Southwest CEO Gary Kelly suggests leaders “model the culture: spending time with employees, treating people with respect, having fun, being there for them personally and professionally, and putting people first—with empathy, kindness and compassion.”
Establish and Enliven Core Values
Core values set the desired behaviors every member of the organization is expected to follow. When these behaviors are personified by leadership and rewarded by management, they help foster a distinct corporate culture that drives individuals toward better versions of themselves.
These values then serve to elevate individuals and drive higher performance throughout the organization, which gives everyone more pride in their work.
Invest in Supporting Higher Level Needs
This underlies virtually all effort towards cultivating employee engagement. Abraham Maslow foretold that organizations that push beyond supporting basic needs (paycheck, clean bathrooms, etc.) to encouraging higher level needs will have an unprecedented competitive advantage.
Higher level needs include the quest for knowledge, beauty, personal growth, and self transcendence (spiritual values). Compared to most organizations, Zappos does an exemplary job at this, offering their own in-house library and personal coaching to all of its employees.
Foster a Culture of Creativity and Innovation
When employees feel their ideas are valued, they will be more engaged. When they feel that their job is to merely follow their boss’s orders, they will disengage.
Brainstorming is an art. Start by acknowledging that everyone on your team has great ideas. Then, accept that it’s your responsibility to create an environment where these ideas can come forth openly and willingly without judgement, attack, or defense.
Establish and Reinforce an Inspiring Corporate Vision
An inspiring vision that moves people emotionally and provides them with a sense of purpose and direction helps unify the organization.
Confusion and distraction sap mental and emotional energy. Lower energy translates to disengagement. When your employees feel they have clear direction and clarity of purpose, their energy can be focused toward more productive work.
Support Recovery and Renewal
Cultures that place unreasonable demands on a person’s internal resources ultimately drain the energy of employees and create resentment toward management. Certainly, there are time-sensitive projects that demand a lot on an employee, but these projects should be followed up by periods of rest and recovery.
Organizations that expect immediate responses to email and text messages, for example, have unconsciously established cultures that foster distraction and prioritize immediacy over value creation.

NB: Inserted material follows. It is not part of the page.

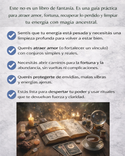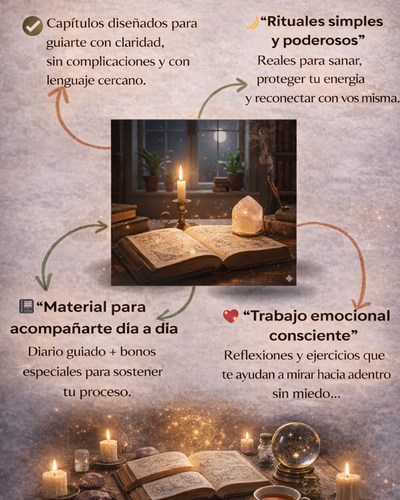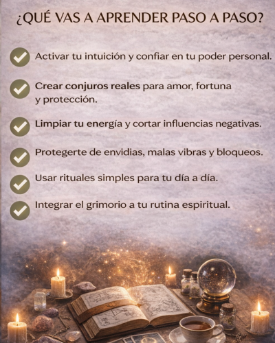 Todos los rituales y conjuros están explicados paso a paso, con lenguaje simple y claro.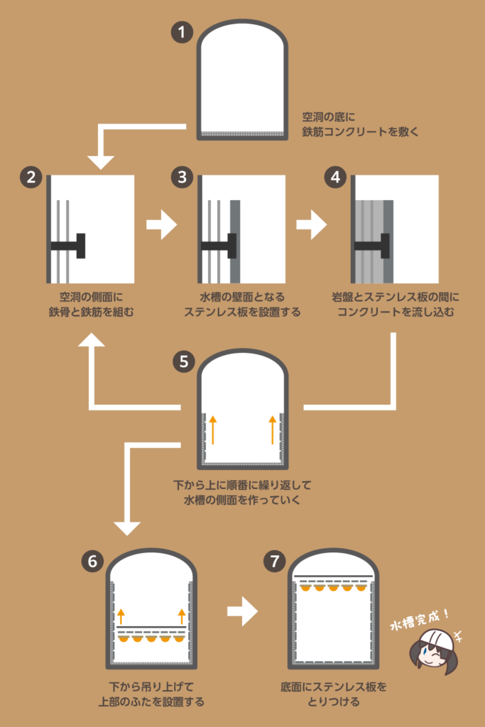 とっても硬い岩盤を掘削してできた、直径69メートル、高さ73メートルもの巨大な円筒形の空間。そこに、どうやって水槽を造っていくのでしょうか…?その大工事の流れを、とってもおおざっぱにまとめると次のようになります。

Create Outstanding Products and Services
This might seem obvious, but it’s an important reminder: When employees feel pride about their organization and the products and services it provides, they are more likely to feel compelled to make their own unique contributions.
Encourage Self Leadership
Autonomy is one of the most powerful forces that motivates high performance. We all have an innate need to direct our own lives. When employees feel like they matter and that they have the freedom to contribute, there is no end to the extraordinary magic that can unfold.
Show that You Genuinely Care
All of the above support demonstrating care. But ultimately, on a one-to-one level, showing you care is an expression of your emotional intelligence. Greater emotional awareness enables you to have empathy and compassion for your people.
When your people feel like you and the organization care about them—that they matter as human beings—they will certainly reciprocate with inspiration and good work.
Ready for Your Leadership Challenge?
The purpose of your business is to create customers. To fulfill this purpose better than your competitors requires you to foster an organization of inspired, talented people who are engaged in their work.
How can you improve employee engagement in your organization? What immediate steps can you take this coming week?